HIV and AIDS do not affect only individuals. They affect families and friends and even communities. They affect each one of us directly or indirectly.
Sometimes people become very negative when they hear about the realities of HIV and AIDS - the rejection, stigma and suffering associated with the illness is very real. But although it is a reality that cannot be ignored, the challenge is to see the other side of this disease; and there is another side. If we start to care for the people infected and affected by HIV and AIDS, and if we can help people to change their attitudes towards people living with HIV and AIDS or PLWHA, the other side will become clear.
With the prevalence of HIV, however, there is a possibility that somebody you love might tell you that he or she is HIV positive. It might even have been a reality to you. What would you say? How would you feel? What is the first thing that you would ask this person - "Where did you get it? From whom?"
When the person we love dearly tells us that he is HIV positive, we are shocked, angry, disappointed and ask "Where did you get this?" The reaction is always negative. But when WE test positive, we only want encouragement and support.
This is what often happens in the real world. That is why it is so difficult for HIV positive people to come out and share their status.
As human beings, we all have a need to be valued and accepted for who we are. During difficult times in our lives, this need becomes even more prominent. It is also impossible to contend with difficult situations without the support and encouragement of people close to us believing in our abilities and affirming our value.

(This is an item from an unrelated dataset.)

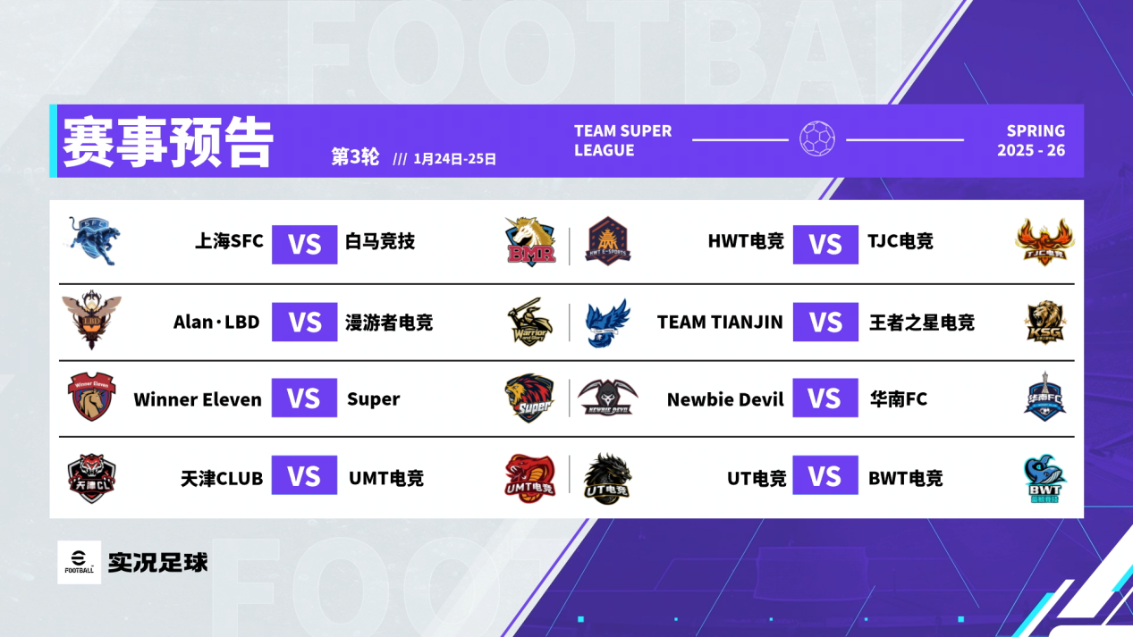 下周,我们将会看到多场重量级对决,目前分列积分榜二三位的王者之星电竞和TEAM TIANJIN狭路相逢,新老碰撞将会迸发出怎样的火花?粉粉11又能否顺利打入个人联赛生涯第200球?同样,TJC电竞大战HWT电竞的比赛也充满看点,每周六、日晚19:00,锁定「实况足球」官方直播间,各大平台同步直播!我们一起为下一球呐喊,为选手加油助威!

Unfortunately, during good times we tend to become very self-sufficient and self-righteous. We find it much easier to judge and condemn a person with HIV or AIDS than to reach out to him with understanding and acceptance. We'd like to believe that such a person is reaping the fruit of their behavior and that something like that would never happen to us because we know how to behave. This might indeed be true and maybe you or I will never contract HIV. The fact is that we can not foretell the future. We don't know what calamity awaits us round the next corner, when we desperately in need of other's acceptance and compassion.
Most people support the principle: "Do to others what you want them to do to you." Unless we put ourselves in the shoes of another person, it's very difficult to understand what our needs would be in a similar situation. This is not something we automatically do. It requires a conscious decision to postpone judgment and instead try to understand the world of the other person. Only then will we know what we would have liked others to do to us in a similar situation. Choosing to value another person as a special God-created being adds value and worth to your life. AIDS is but one opportunity to put this into practice.